At the end of a dry fall season, the golden brown grasses of the steppes sweep across the plains met in the distance by even drier looking, more rugged mountains. The monolithic Fitz Roy and the crystalline-looking spire Cerro Torre rise up at the distant opposite edge of the fifty- mile long linear Lago Viedma, like a woman admiring her newly polished fingernails on the back of her outstretched arm.
The charismatic mountains overlook the glacial waters of the Rio Fitz Roy, overshadowing a slight hill covered with what looks like a landscaped yard: rounded blue-grey shrubs, blades of grass waving their inflorescences in the chill breeze of sunset, dime-sized star-shaped clusters of green hugging rocks like tight fitting clothes; orchestrated in a pattern that repeats itself up the slope of the hill, each repetition of the pattern separated by sharp black rock trim, with colors slightly muted in the twilight.
Emptied knots,
twisted, bent,
the forensics of a lifestyle that I can’t imagine,
or a death that I don’t want to ,
repeated in a ghostly grey and charred forest graveyard,
in the golden remains of the summer grasses.
A new tree, growing out of the skeleton of another tree, its former self.
A thick trunk fanning out into a dozen thick arms, their joints swollen into a spherical knobby basketball-sized nodes at its many bent elbows, signpost thick forearms extending to the sky, infected with incurable disease to yearn for the unreachable.
Brilliant yellow leaves stitched together like an open hand, contrasted perfectly against its black trunk.
A two-toned tree: thick black trunks, light grey branches, a tree trying to find a new identity for itself as it grows.
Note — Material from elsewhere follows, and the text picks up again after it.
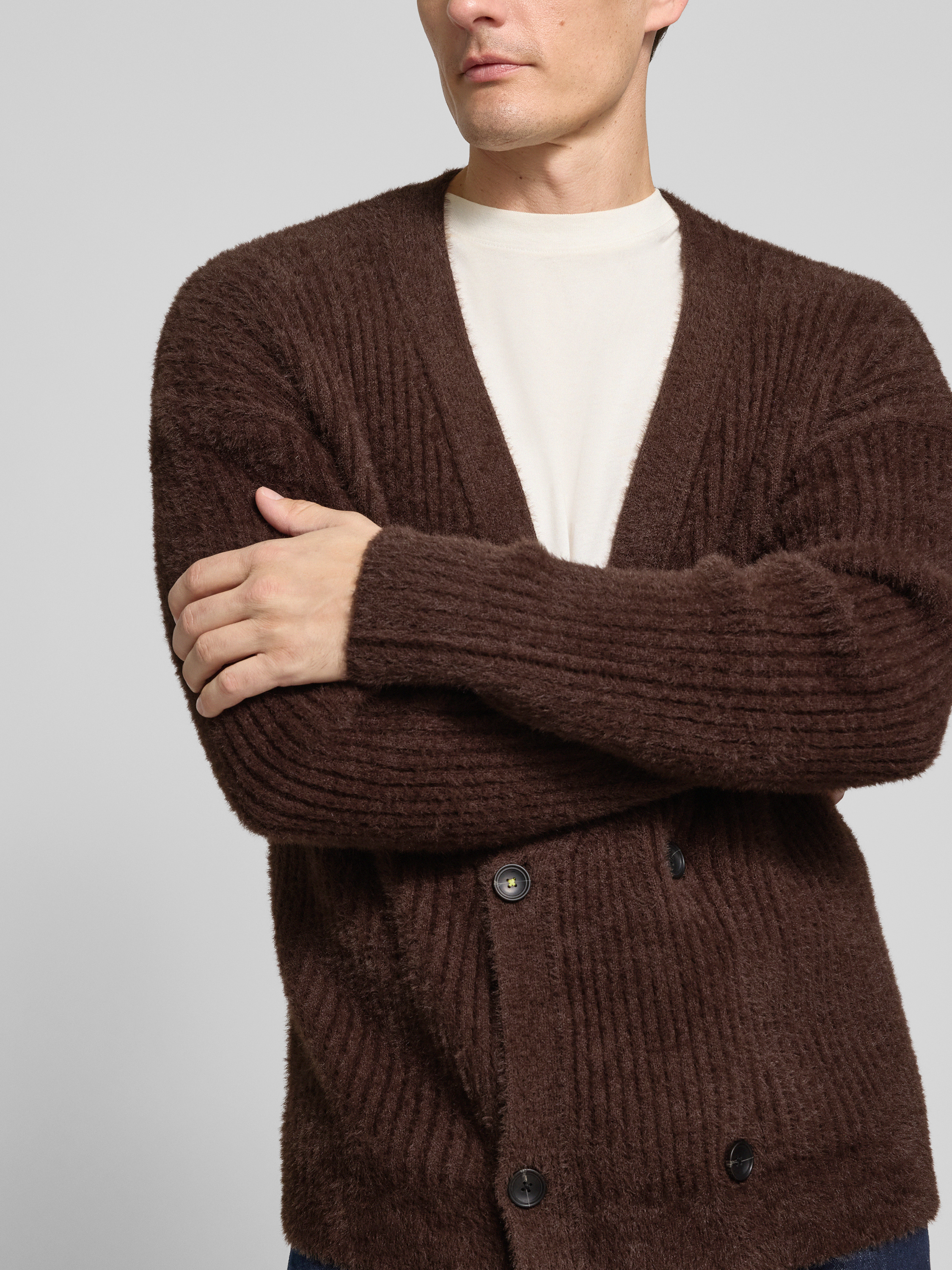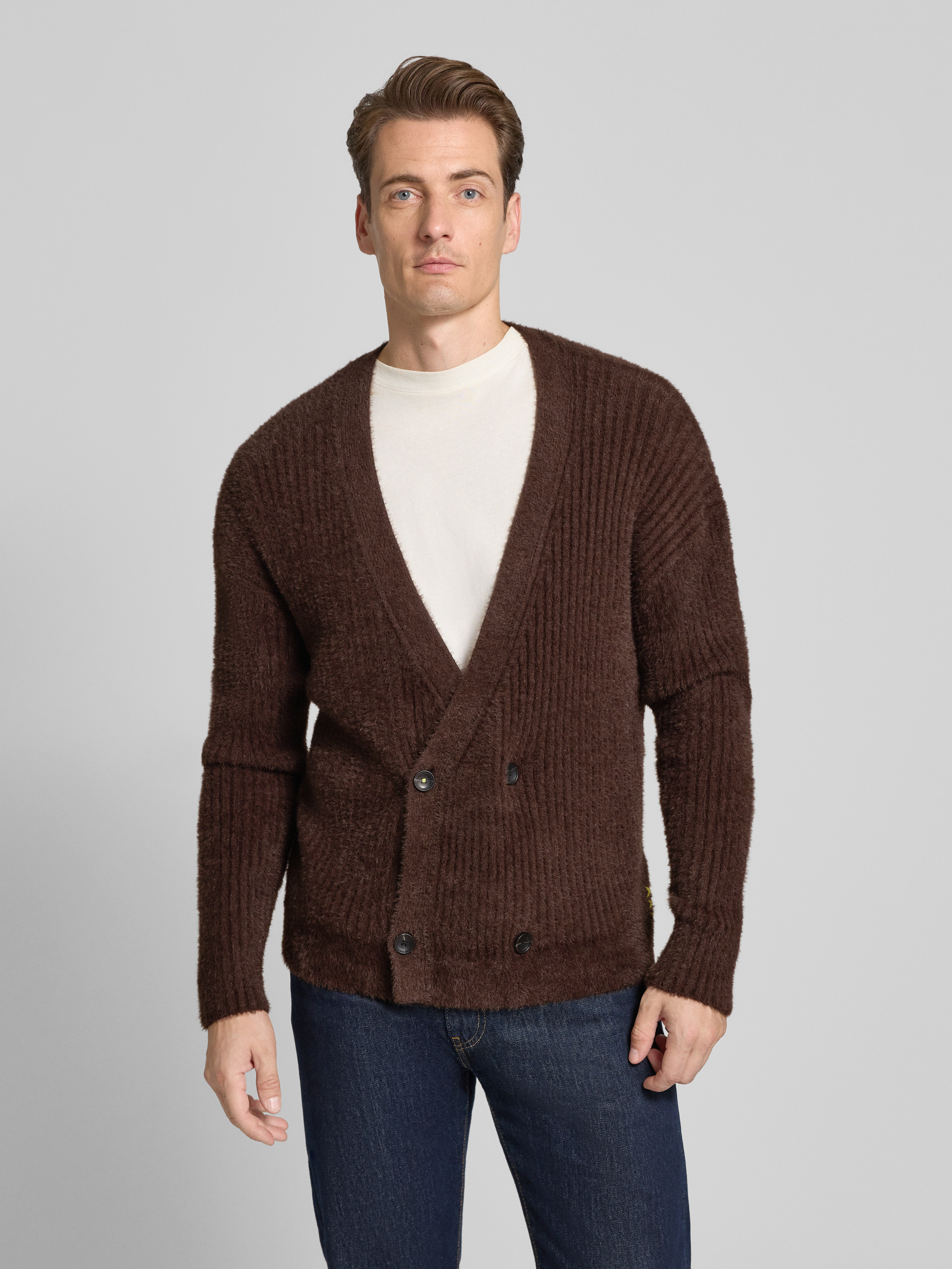 Gebreid jack met V-hals in donkerbruin
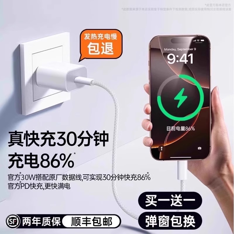坦吉尼专用于苹果16Promax30W充电器15Pro数据线iPhone14PD电源适配器13Pro/12充电线通用氮化镓快充插头套装

Dead trees, twisted and barren, the pain of their death still on their faces, standing as monuments to themselves.
Wind blasts the rock covered with orange splotches and black hand-shaped dendrites of lichen, shrubs turned into dwarf bonsai versions of themselves under the constant assault of the weather. Heroic miniature plants grow in overlooked crevices, living in their own moment of zen with the mountain.
Proposed definition for Logogenic: like photogenic. Photogenic subjects look good in pictures, logogenic subjects sound good in words.
I add the nuance that the subject is difficult to capture in a photo in any way that is interesting or charismatic. I did not try to photograph most of the images described above as they don’t frame well in a photograph. The couple I did try, the experts all looked at me like I was an amateur.